Pattinson at the press conference of Berlinale 2018

Robert Pattinson is a English actor and producer known for his work in a diverse range of characters from independent films to major studio features. He made early screen appearances in supporting roles, including in Vanity Fair (2004) and as Cedric Diggory in the fantasy film Harry Potter and the Goblet of Fire (2005), before achieving global recognition as Edward Cullen in The The Twilight Saga. Its five films—released yearly between 2008 and 2012—collectively grossed over $3.3 billion worldwide.
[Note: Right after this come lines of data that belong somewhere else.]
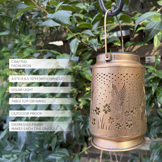 Picture this: super adorable gold iron lanterns with the most amazing cutouts that are basically two decorations in one! During the day they're just sitting there looking all fancy and vintage with these sweet little birds and flowers carved into them.
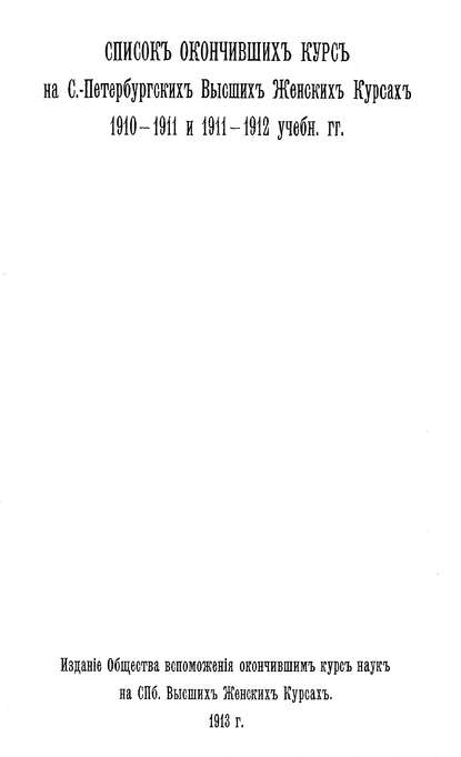 | Полное название книги | Коллектив авторов, Список окончивших курс на С.-Петербургских высших женских курсах, 1910-1911 и 1911-1912 учеб. гг. |
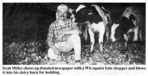 Wisconsin farmer Scott Miller, Beaver Dam, Wis., found a solution to the problem with a simple idea that provides him with a nearly unlimited supply of old newspaper. Miller simply parks an old combine bin at the end of his driveway and puts a sign on it: "Wanted - Old Newspapers" that can be seen by passersby moving in either direction on the highway that runs by his farm.
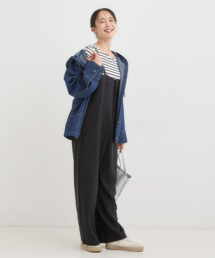 ボタンを閉め、トップス風にしてパンツを合わせた着こなしもお楽しみいただけます。
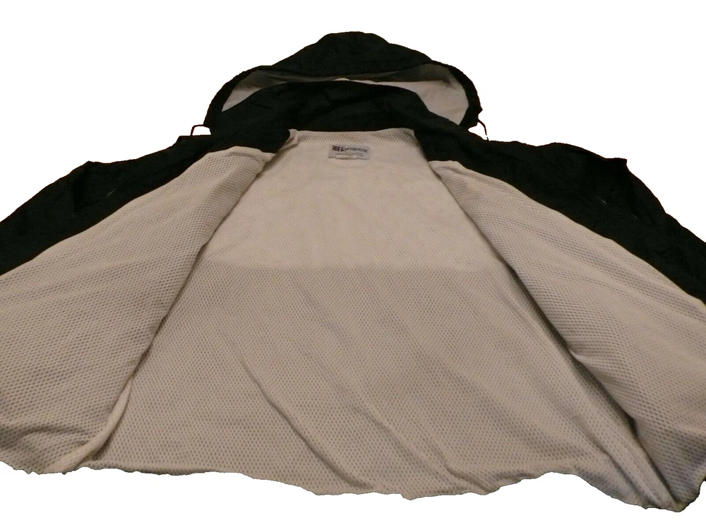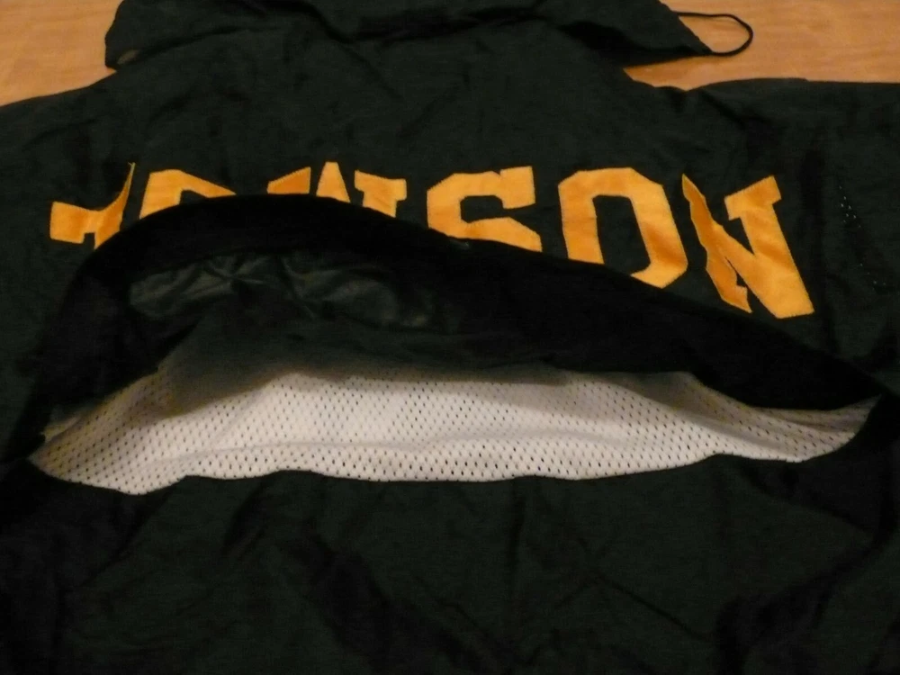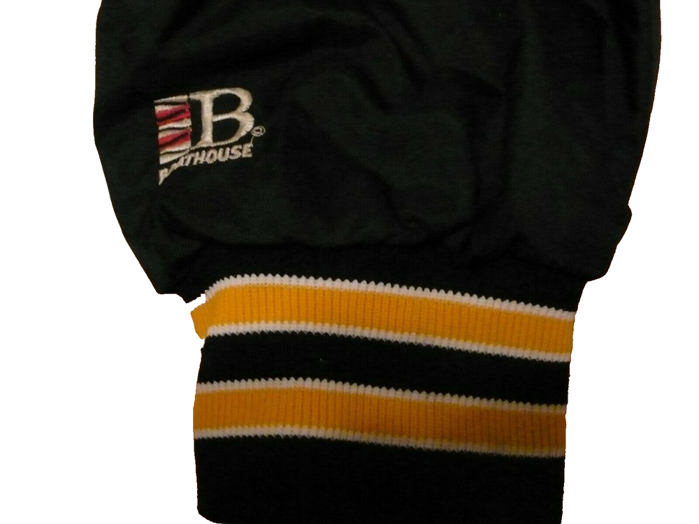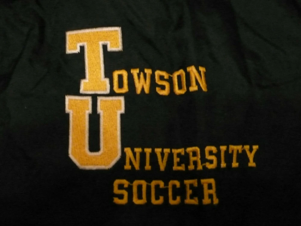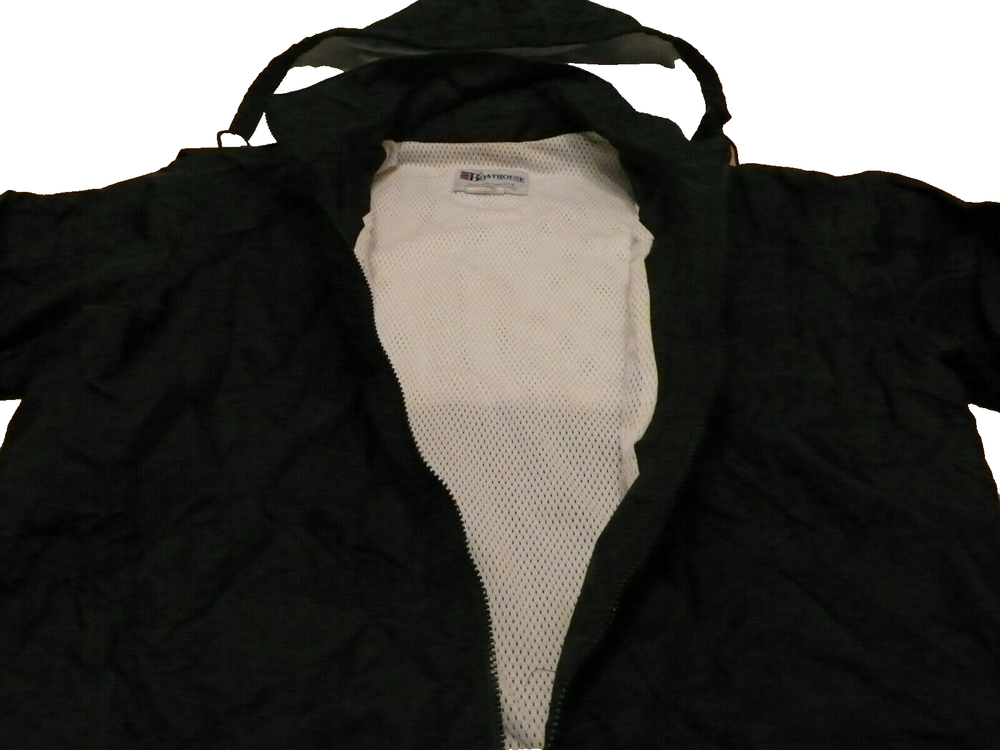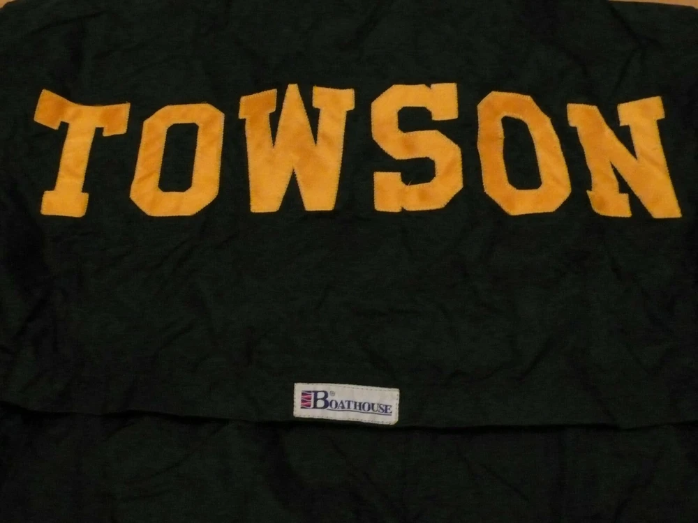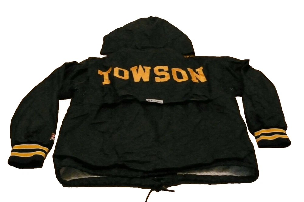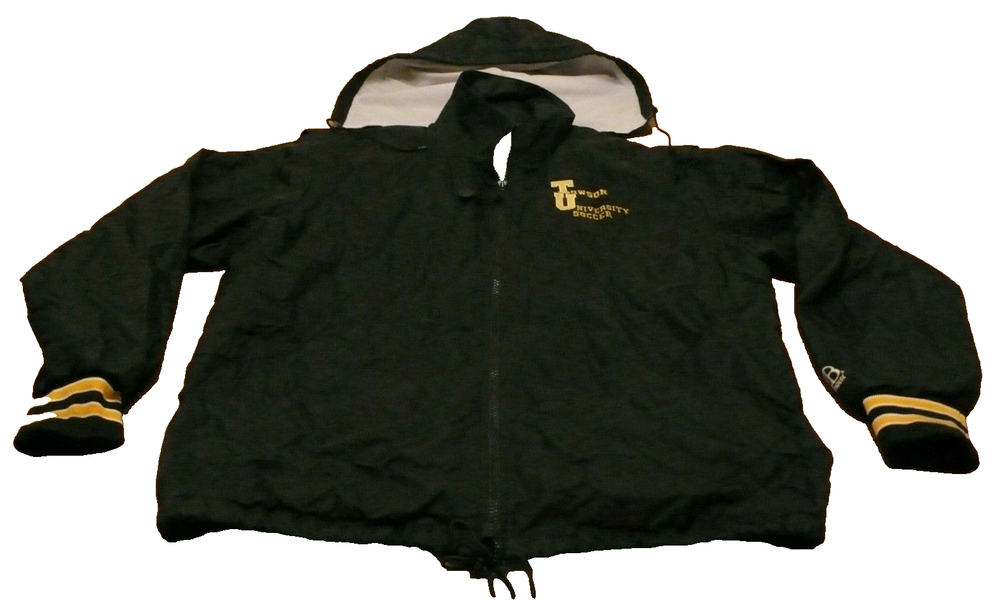 A vtg. TOWSON UNIVERSITY Soccer Large Black Wind Breaker Light Jacket w/ Hood. It is Made in the USA of Shell -100% Nylon Lining - 100% Polyester Approx. measures Jacket laid flat on the table * Chest (armpit-armpit) 26.5" * Shoulder (shoulder-shoulder) 22.5" * Sleeve (shoulder-cuff) 25.5" * Length (collar-bottom seam) 29" A pre- owned item w/normal wear. Feel free to ask questions. Thanks for checking it out.
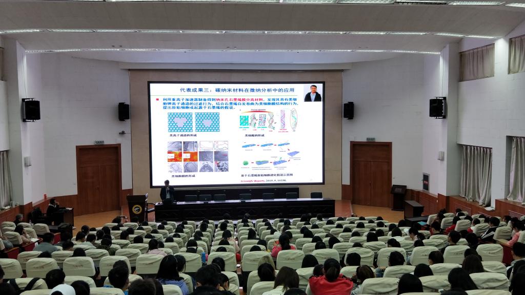 2018年10月12号下午3:00,应英国beat365官方网站邀请,北京大学化学学院教授、博士生导师、北京大学现代食品科技研究中心主任刘虎威博士,广西师范大学化学与药学学院博士生导师赵书林教授,中山大学化学学院博士生导师李攻科教授,中科院兰州化物所博士生导师、甘肃省杰出青年基金获得者邱洪灯研究员来beat365官网作题目分别为《敞开式离子化质谱新技术及其应用》、《核酸和碳基量子点纳米探针用于细胞内microRNA、活性小分子的荧光成像和成像指导下的肿瘤光动力学治疗》、《复杂样品痕量分析前处理方法研究进展》、《离子液体修饰硅胶色谱固定相》的学术报告。报告会由英国beat365官方网站副院长焦成瑾博士主持,相关专业师生200多人参加了此次报告会。
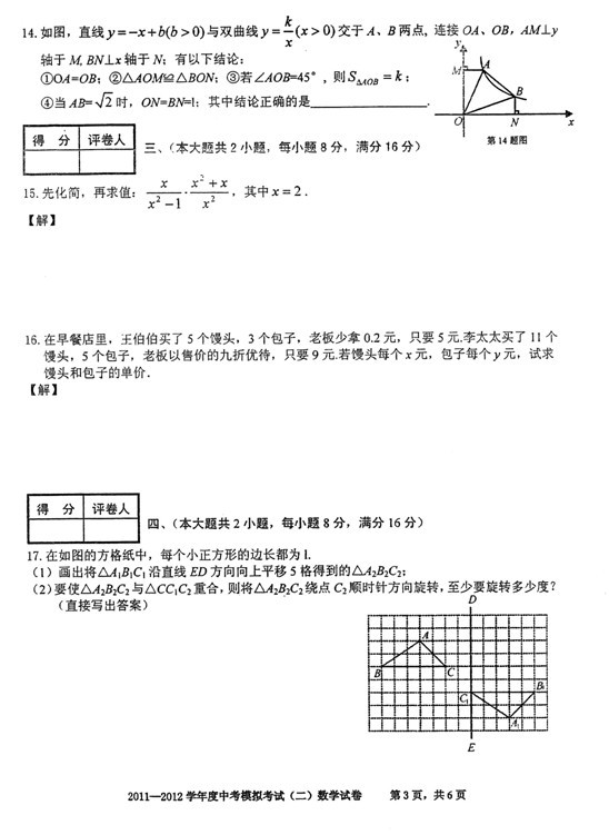 2012年合肥二模瑶海区数学试卷及答案(3)
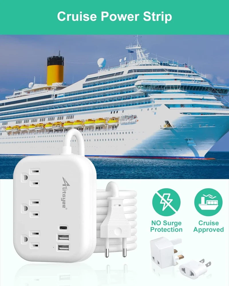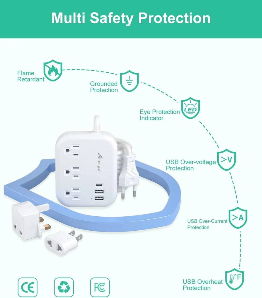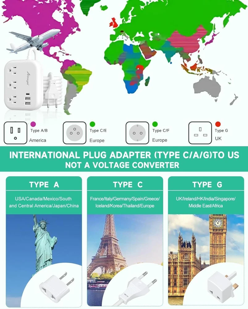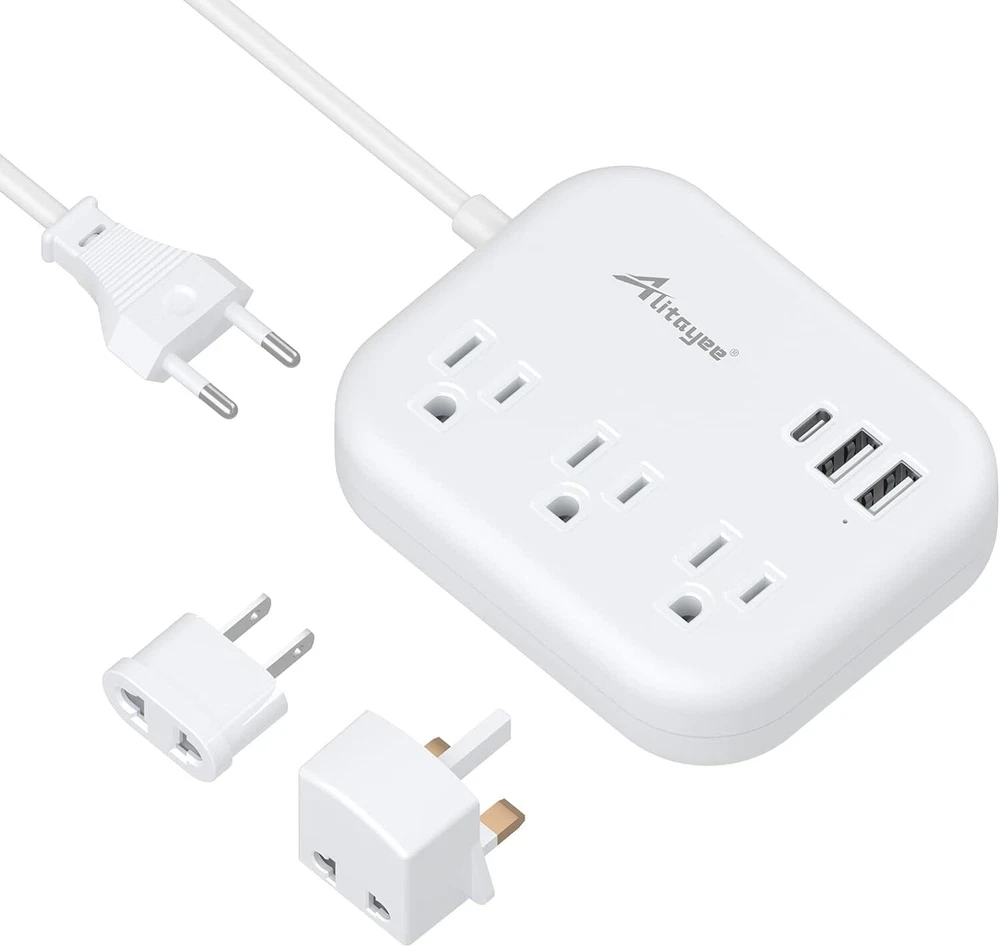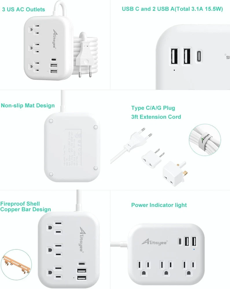 European Travel Plug Adapter, Alitayee EU/UK/US Power Strip with white Product Details Brand: Alitayee Color: white Item Weight: 8.9 Ounces Input Voltage: 250 Volts Item dimensions L x W x H: 4.4 x 3.5 x 1.2 inches 【Universal Travel Adapter/Power Strip(more than 150 countries and regions)】Includes 3 types of international adapters -Type C(EU),Type G(UK),Type A(USA) plugs compatible with most of the world. Type A plug adapter can work in America,Japan,Canada,China.Type C European travel plug adapter can work in most of Europe. Type G plug adapter can work in UK,Ireland,Middle East.It is not only a travel essentials,but also a power strip for home/office 【6-IN-1 USB C European Travel Adapter】3 AC outlets(10A/2500W) USB international plug adapter with 3ft extension cords could allow 3 standard USA plug to be used at the same time and 3 USB ports for Smart phones, iPad, cameras and many other devices.3 Ft extension cord makes it more flexible,get easy access to place that's hard to reach,extend the european to us plug adapter to table or other place easily where need power outlets or usb charging ports 【3 USB European Outlet Adapter】USB C adapter provides 5V 3.0A 15W ,3 USB port total provides 5V 3.1A 15.5W Fast Charging.With Smart Charging Technology,the Type-C and 2 USB-A ports will Identify your devices automatically and deliver the fastest and most suitable charging speed.Great for all your travel accessories and electronic devices that accepts fast charging 【Not a Voltage Converter】This adapter for Europe is not a voltage converter, european adapter is only compatible for wide voltage device, Your hair dryer, straightener, electric toothbrush or razor must to support dual voltage(100V to 250V), or you may need a voltage converter 【European River/Cruise Must Haves】This international power adapter with USB is certified by FCC, CE,made of Fire-resistant PC shell.It has NO surge protection,making it a European river cruise approved power adapter.Perfect for International Europe Cruises.No trouble getting it through customs or safety check.Compact Size and lightweight design to fit into luggage and bag,No need to take additional USB phone charger while traveling.Non-slip mat design,better for on the desktop or nightstand Compatible Countries: More than 150 Countries and Regions. 1,Type A - USA/Canada/Japan/ China Other Countries include: American Samoa / Antigua and Barbuda / Aruba / the Bahamas / Barbados / Belize / Bermuda / Brazil / the Cayman Islands / Colombia / Costa Rica / Cuba / Ecuador / El Salvador / Guam / Guatemala / Haiti / Honduras / Jamaica / Liberia / Mexico / Micronesia / Montserrat / Nicaragua / Okinawa / Panama / Peru / the Philippines / Puerto Rico / Saudi Arabia / Tahiti / Taiwan / Thailand / Trinidad and Tobago / Venezuela / the Virgin Islands, etc. 2,Type C- France/Germany/Italy/Spain/Greece/Iceland/Korea,/Thailand Other Countries include: Armenia/ Aruba/ Austria/ Azerbaijan/ Bangladesh/ Belarus/ Belgium/ Bolivia/ Brazil/ Bulgaria/ Croatia/ Cameroon/ the Czech Republic/ Denmark/ Egypt/ Estonia/ Finland/ Georgia/ Hungary/ ,Indonesia/ Kazakhstan/ Kyrgyzstan/ Libya/ Latvia/ Lithuania/ Luxembourg/ Macedonia/ Moldova/ Monaco/Mauritius/the Netherlands/ Norway/ Poland/ Portugal/ Paraguay/Romania /Russia/ Ukraine/ Serbia/ Slovakia/ Slovenia/ Sweden/ Switzerland/ Bahrain/ Chad/ the Republic of Guinea/ Israel/ India/ Iran/ Iraq/ Jordan/ Kazakhstan/ Kuwait/ Lebanon/ Madeira/ Mozambique/ Oman/ Palestine/ Saudi Arabia/ Syria/ Senegal/ Turkey/ Chile /Peru/ Saba/ Suriname/ Uruguay/ Vietnam/ Malaysia/ Maldives/ South Africa/Zambia, etc 3,Type G - UK/Ireland Other Countries include: Bahrain / Belize / Botswana / Brunei / Cyprus / Dominica /Ghana / Gibraltar / Grenada / Iraq / Kenya / Macau / Malta / Malaysia / Nigeria / Northern Ireland / Oman / Qatar / Saint Lucia / Saint Vincent / Saudi Arabia / Scotland / Singapore / Sri Lanka / Tanzania / Uganda / the United Arab Emirates / Wales / Yemen / Zimbabwe/India/HK, etc. Tips 1: This is not a voltage converter,travel adapter worldwide is only compatible for wide voltage device,Your hair dryer, straightener, electric toothbrush or razor must to support dual voltage(100V to 250V),or you may need a voltage converter. Tips 2: The USB-C port doesn't support Macbook, Macbook Air, Macbook Pro or any other laptops which needs 14~22V charging voltage.

In 2010, Pattinson executive-produced and starred in the coming-of-age romantic drama Remember Me (2010), The following year he portrayed Jacob Jankowski in Water for Elephants, a film adaptation of Sara Gruen's 2006 novel.

Pattinson gained critical acclaim for starring in David Cronenberg's drama Cosmopolis (2012), Werner Herzog's biographical film Queen of the Desert (2015), an adaptation of Gertrude Bell's life story, where he portrayed T. E. Lawrence, also known as Lawrence of Arabia alongside Nicole Kidman and James Franco. This was followed by James Gray's adventure drama The Lost City of Z (2016), in which he played the British explorer Corporal Henry Costin. In 2017, he starred as Connie Nikas, a bank robber navigating the criminal underworld of Queens, New York in Safdie brothers's crime drama Good Time, for which he earned nomination for the Independent Spirit Award for Best Male Lead. He then starred in Zellner Brothers' western-comedy Damsel as an eccentric cowboy embarking on a journey west in search of his kidnapped fiancée and Claire Denis's science fiction drama High Life, as a reluctant father.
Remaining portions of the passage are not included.